0

I have manually provisioned a Glue Crawler and now am attempting to run it via Airflow (in AWS).

Based on the docs from here, there seems to be plenty of ways to handle this objective compared to other tasks within the Glue environment. However, I'm having issues handling this seemingly simple scenario.

The following code defines the basic setup for Glue[Crawler]+Airflow. Assume there are some other working tasks that are defined before and after it, which are not included here.

run_crawler = AwsGlueCrawlerHook()
run_crawler.start_crawler(crawler_name="foo-crawler")

Now, here is an example flow:

json2parquet >> run_crawler >> parquet2redshift

Given all this, the following error manifests on the Airflow Webserver UI:

Broken DAG: An error occurred (CrawlerRunningException) when calling the StartCrawler operation: Crawler with name housing-raw-crawler-crawler-b3be889 has already started

I get it: why don't you use something other than the start_crawler method...? Fair point, but I don't know what else to employ. I just want to start the crawler after some upstream tasks have successfully completed but am unable to.

How should I resolve this problem?

nate
  • 440
  • 2
  • 8
  • 18

2 Answers2

1

json2parquet >> run_crawler >> parquet2redshift

In Airflow, the bitwise right shift Python operator (>>) is used to define a downstream relationship between 2 operators (e.g. BaseOperator).

Declaring a DAG > Task Dependencies (Airflow)

run_crawler = AwsGlueCrawlerHook()
run_crawler.start_crawler(crawler_name="foo-crawler")

run_crawler (AwsGlueCrawlerHook) is not an operator. It is a subclass of BaseHook. The >> (and <<) Python operator can be used with objects that are a subclass of BaseOperator.

airflow.hooks.base
airflow.models.baseoperator

How should I resolve this problem?

run_crawler needs to be implemented as an operator (e.g. BaseOperator).

PythonOperator is a type of operator. The GlueCrawlerOperator is more feature-rich with respect to creating, updating, and running a Glue crawler. The operator executes idempotently. For example, if a crawler with the same name already exists, the operator will run it.

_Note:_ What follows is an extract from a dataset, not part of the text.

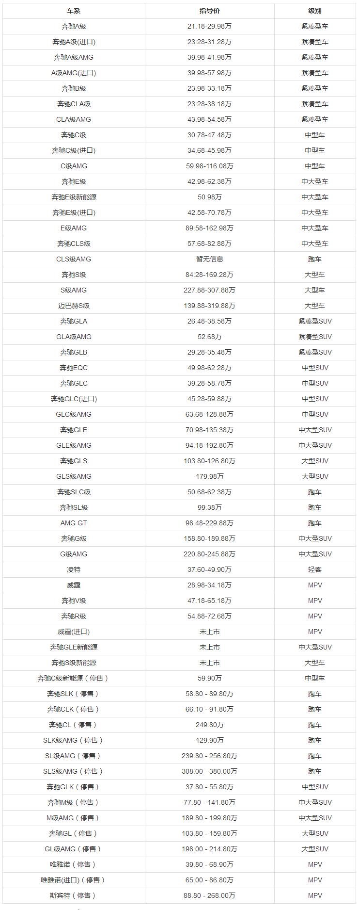 奔馳車系價(jià)格表,奔馳車型大全

Otherwise, it will create it.

GlueCrawlerOperator (Airflow)

Andrew Nguonly
  • 2,258
  • 1
  • 17
  • 23
0

This issue came up because of my lack of Airflow knowledge. Using PythonOperator and encapsulating the functionality above in that object solved this issue. For example, a workable approach looks something like this:

def glue_crawler_parquet2redshift():
    run_crawler = AwsGlueCrawlerHook()
    return run_crawler.start_crawler(crawler_name="housingGlueCrawlerParquetRaw")

glue_crawler_parquet2redshift_task = PythonOperator(
    task_id='ingestHousingRawParquet',
    python_callable=glue_crawler_parquet2redshift,
    dag=housing_dag,
    )
nate
  • 440
  • 2
  • 8
  • 18